Teachers today are immersed in an environment where digital technologies are everywhere, as part of what they teach, how they teach, and where they teach. Today’s digital technologies have expanded communication and social media capabilities that have educational use potential. Yet, most teachers have been prepared for teaching prior to these new and emerging technologies. They have not learned their content with these newer technologies. They need to learn how to learn with the new technologies. Knowing how to learn with technology becomes even more critical when continuing education courses are taught in an online environment (a less familiar learning environment for most teachers) and structured by a social metacognitive constructivist learning trajectory (Dabbagh & Kitsantas, 2012; Sztajn, Confrey, Wilson, & Edgington, 2012).

Unfortunately, for the most part, teachers have had little preparation that develops the knowledge for teaching in this technology- rich professional world that integrates technology into their teaching as described by the technological pedagogical content knowledge (TPACK) framework (Mishra & Koehler, 2006; Niess, 2005). In the TPACK conceptualization, the role of technological knowledge goes beyond providing a way to get students engaged in the learning to actively using the technology as a learning tool for inquiry, sharing, and collaboration. To develop this understanding of how technology can be a learning tool, teachers must have experiences in their own learning, where they use the technology to learn the content (Fanning, 1994). These learning experiences play an important part of transforming teachers’ knowledge for teaching, where their thinking about technology is fundamentally restructured (Niess & Gillow-Wiles, 2013).
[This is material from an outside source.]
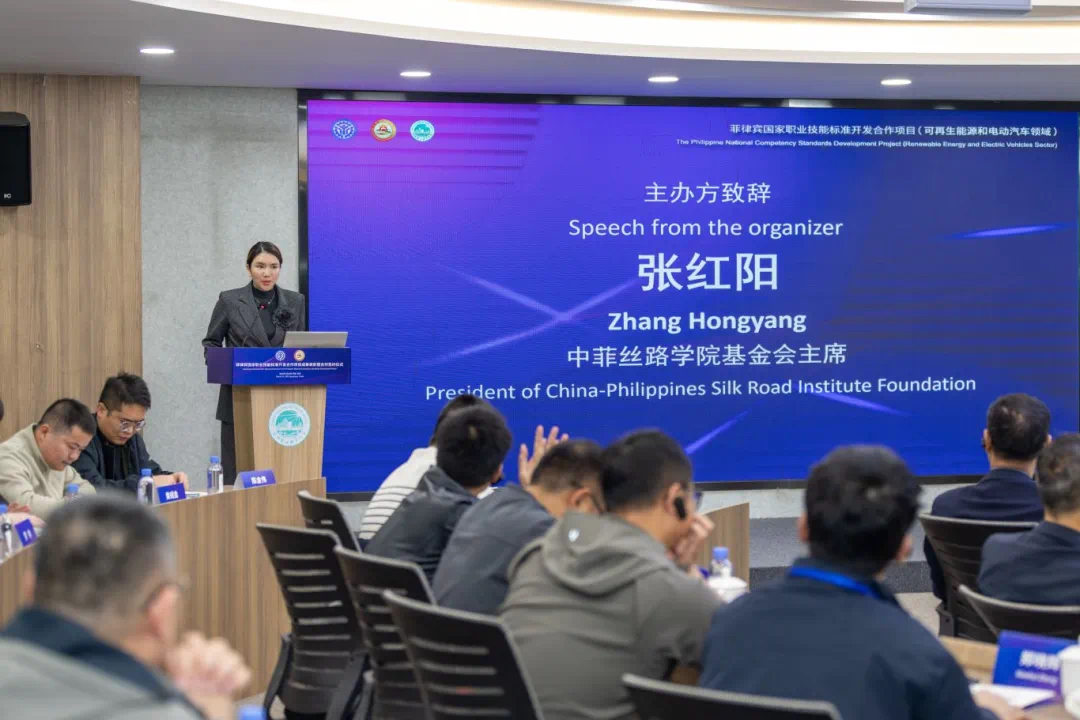 张红阳致辞,她表示,在可再生能源和电动汽车领域的一期项目中,泉州职业技术大学、山东工程职业技术大学、晋江华侨职业中专学校等参建院校齐心协力、攻坚克难,在不同标准开发任务中发挥关键作用,完成多项重要职业技能标准的开发工作。此次活动大家共同见证一期的项目成果,这些是中菲职业教育合作的重要结晶,为菲律宾相关行业技能人才培养提供有力依据。接下来的二期项目挑战与机遇并存,中菲丝路学院基金会将加强与菲律宾TESDA的沟通协作,精准把握菲律宾职业教育需求,并深化与中方院校的合作,充分整合资源,推动标准开发工作向更高水平迈进。

Such challenges of introducing technology integration as an immersive experience are not the only issues with which today’s teacher educators are grappling. The conception of the teacher as the repository of knowledge and teaching as the delivery of knowledge is recognized as misaligned with how people actually learn (Steenbeek & Geert, 2013). To understand this disconnect and to develop more effective teaching and learning theory, a growing body of educational research supports a social metacognitive constructivist framework when designing curriculum (Chu & Kennedy, 2011; Ioannou, Demetriou, & Mama, 2014; Niess & Gillow-Wiles, 2009). This framework promotes both individual and social reflection, where students and teachers interact to co-create knowledge and understanding. From this learner- centered perspective, creating a dynamic interplay between individual learning and collaborative learning becomes a foundational aspect of designing an effective learning experience as a community of learners (Shea & Bidjerano, 2010).
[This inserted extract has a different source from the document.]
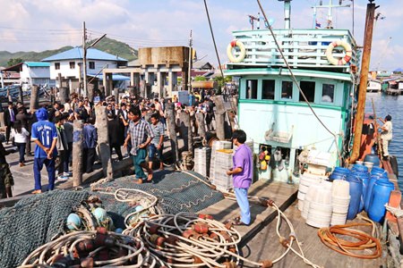 Labor Minister Sirichai Distakul (bottom, center with white shirt and glasses) visited the “Port-in, Port-Out” center in Samae San to review its work in eliminating human trafficking from the fishing industry.

Finally, the penetration of the Internet into the world of education creates an imperative for understanding how this virtual space offers a new environment for teaching and learning (Barbour, 2009; Correia & Davis, 2008). Although the Internet provides access to many who would otherwise be unable to avail themselves of educational opportunities, the sparseness of recognized effective instructional strategies that support learning in this environment requires educators to rethink commonly held understandings and beliefs concerning teaching and learning (Stevenson & Hedberg, 2013). The strengths and affordances, as well as the weaknesses and constraints of the online world need to be explored and understood if distance learning is to meet the expectations the education community has for it.